• API
• FAQ
• Tools
• Archive
SHARE
TWEET

# Pokemon AI Model.

luckytyphlosion Jun 11th, 2019 (edited) 134 Never
Not a member of Pastebin yet? Sign Up, it unlocks many cool features!
1. so I went and looked at that game theory (study of field) textbook that had algorithms to solve payoff matrices
2. and I took the time to actually understand the estimation algorithm
3. turns out the estimation algorithm is very very very computationally feasible on a gba
4. you could probably run it even on a gameboy
5. so, now that actually solving a payoff matrix on a game boy is possible, this is how you would design a slightly more complex AI:
6. - firstly, we need to explain payoff matrices:
7. - this is an example of a payoff matrix: https://cdn.bulbagarden.net/upload/c/ca/GameTheory2.png
8. - player 1 is represented by the vertical strategies, while player 2 is represented by the horizontal strategies
9. - (note: the vertical move user is tyranitar (you), and the horizontal move user is alakazam (opponent))

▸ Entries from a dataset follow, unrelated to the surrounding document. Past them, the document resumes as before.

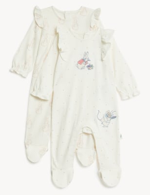 2pk Cotton Blend Peter Rabbit Sleepsuits M S FR Very well made.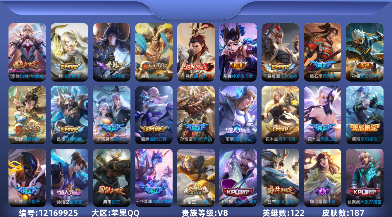 [12169925]V8 19传说 122英雄 187皮肤 可修改实名 优质装备:冠军飞将,猫影幻舞,久胜战神,炽阳神光,一念神魔,仲夏夜之梦(大飞蛾),零号·赤焰,遇见胡旋,末日机甲-孙策,山海·炽霜斩(李信年限),燃星之曲,画中仙,遇见神鼓 传说皮:吕布曦玄引 限定皮:逐霄战戟,至尊宝,无限倾心-项羽,匿光决锋者,怒海麟威,降魔,五谷丰年,梁祝,御风骁将(吕布年限),天狼狩猎者,岱宗(典韦年限),逐梦之音,天狼绘梦者,孙行者,冰霜恋舞曲,热情桑巴,无尽星芒,枫霜尽,神器·万象笔,梦圆繁星 史诗皮:黄金分割率,特工魅影,千年之狐,蒙恬荣光圣徽,冰冠公主,偶像歌手,晚萤,末日机甲-吕布,猫狗日记-孙策,时之恋人-孙尚香,乱世虎臣,修罗,水果甜心,绅士熊喵,心灵骇客,暗隐猎兽者,乐园奇幻夜,舞动绿茵,地狱岩魂,拒霜思,乘风破浪,水晶猎龙者,曙光守护者,箭羽风息,唤灵魅影,金属风暴,圣诞狂欢,圣诞恋歌,鹰眼统帅,魅力维加斯,黎明之约,天秀·音浪,无心,未来纪元-赵云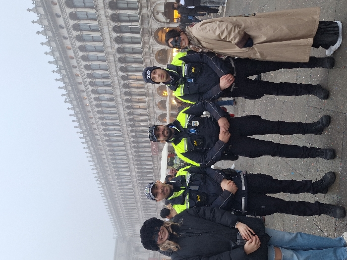 A group of people stand in front of a building with arched windows and a detailed facade. Three people are dressed in dark blue uniforms with bright yellow trim. Two women stand on either side of them. One is wearing a long beige coat and dark sunglasses, and the other is wearing a dark jacket and jeans. The sky is overcast and hazy.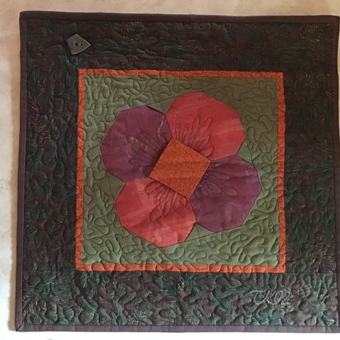 Punatulkku -seinätyö, kuviot ristipistoin tehty, kotimaista käsityötä.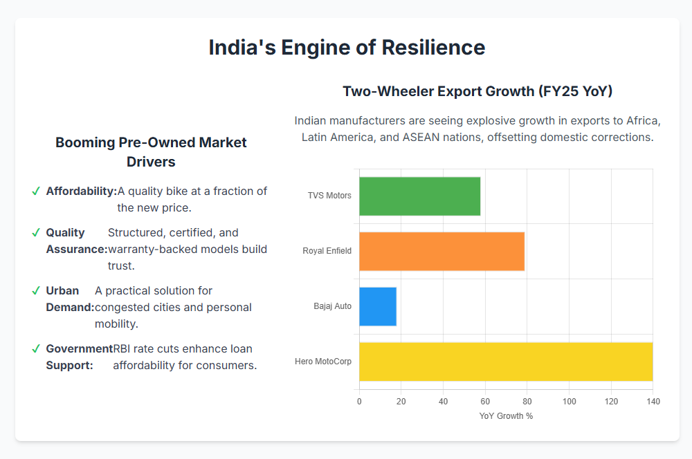 In stark contrast, emerging markets such as India demonstrate considerable resilience. This is evidenced by robust export growth, particularly to Africa, Latin America, and ASEAN nations 8, a booming pre-owned and refurbished segment 9, and domestic retail sales that show an upward trend despite some wholesale corrections.10 Supportive government policies, including Reserve Bank of India (RBI) rate cuts designed to enhance loan affordability 12, and various incentives promoting electric vehicle (EV) adoption, are playing a crucial role in mitigating some of the broader market challenges.13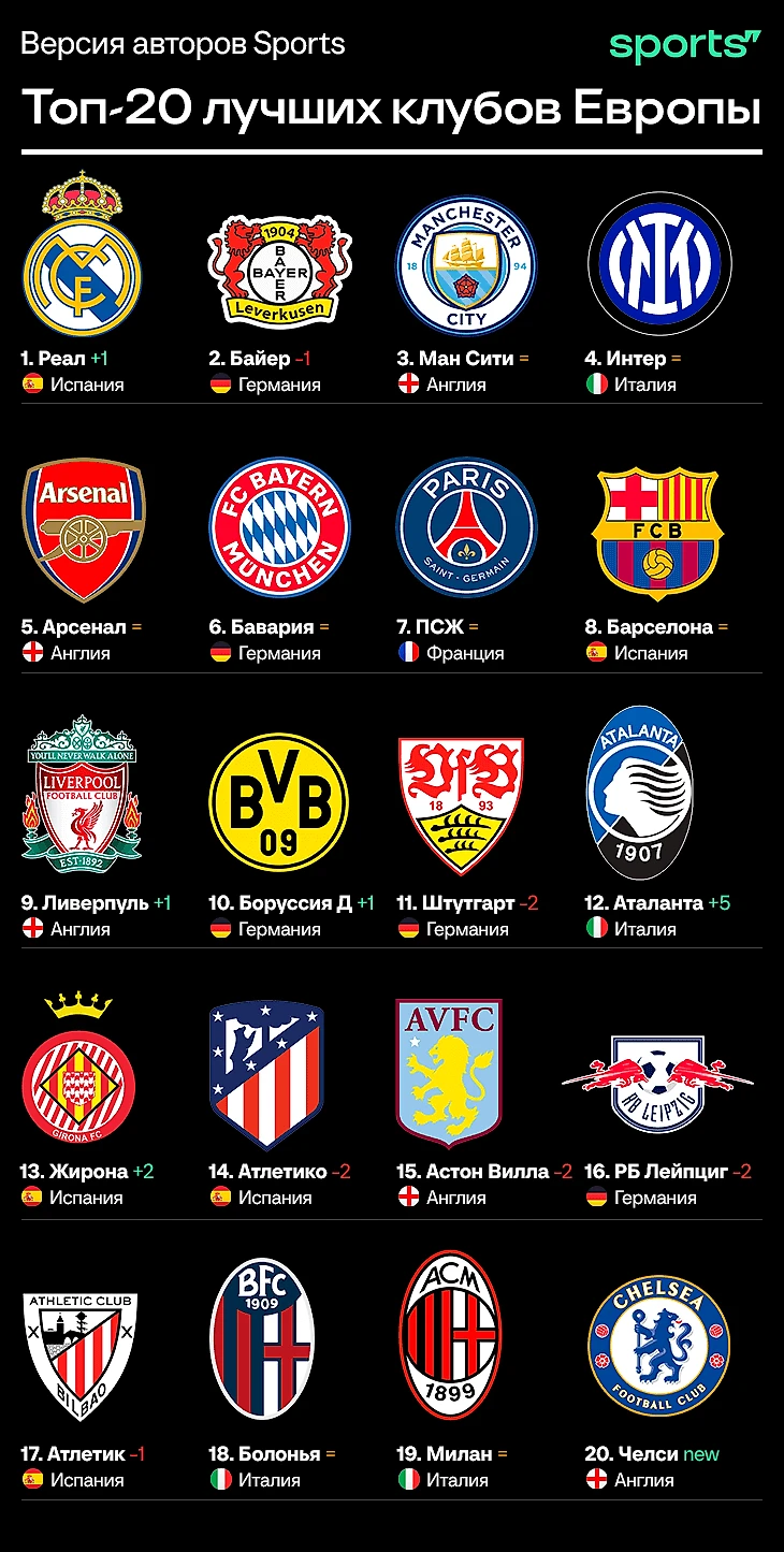 Итоговый топ-20 команд Европы. Вы знаете, кто лучший 🤨

10. - each cell represents the payoff (in this case the effective base power of the move) each player gets based on the strategy that they both choose
11. - for example, if tyranitar chooses earthquake and alakazam chooses HP fire, then player 1 would have a base power of 100 and player 2 would have a base power of 35
12. - there are algorithms which "solve" payoff matrices by finding the nash equilibrium, which is a state where neither player can do better by changing their own strategy if the other player does not change their strategy
13. - there are two types of strategy profiles: pure strategy (always pick this strategy) and mixed strategy (pick a combination of strategies with each strategy having a probability of being picked)
14. - in addition, there is something called "expected payoff", which is the payoff you would expect given your strategy
15. - if both players are playing a pure strategy, then the expected payoff is exactly the payoff you'd get
16. - if both players are playing a mixed strategy, then the expected payoff is the average payoff over a long (infinite) amount of games
17. - for this specific example, assuming that all you care about is effective base power, the nash equilibrium would be for player 1 to always pick pursuit and for player 2 to always pick shock wave
18. - however, effective base power is not the only measure of a good choice in pokemon
19. - if we look at pokemon hypothetically, the only reward of a battle is winning (excluding side effects like levelling up)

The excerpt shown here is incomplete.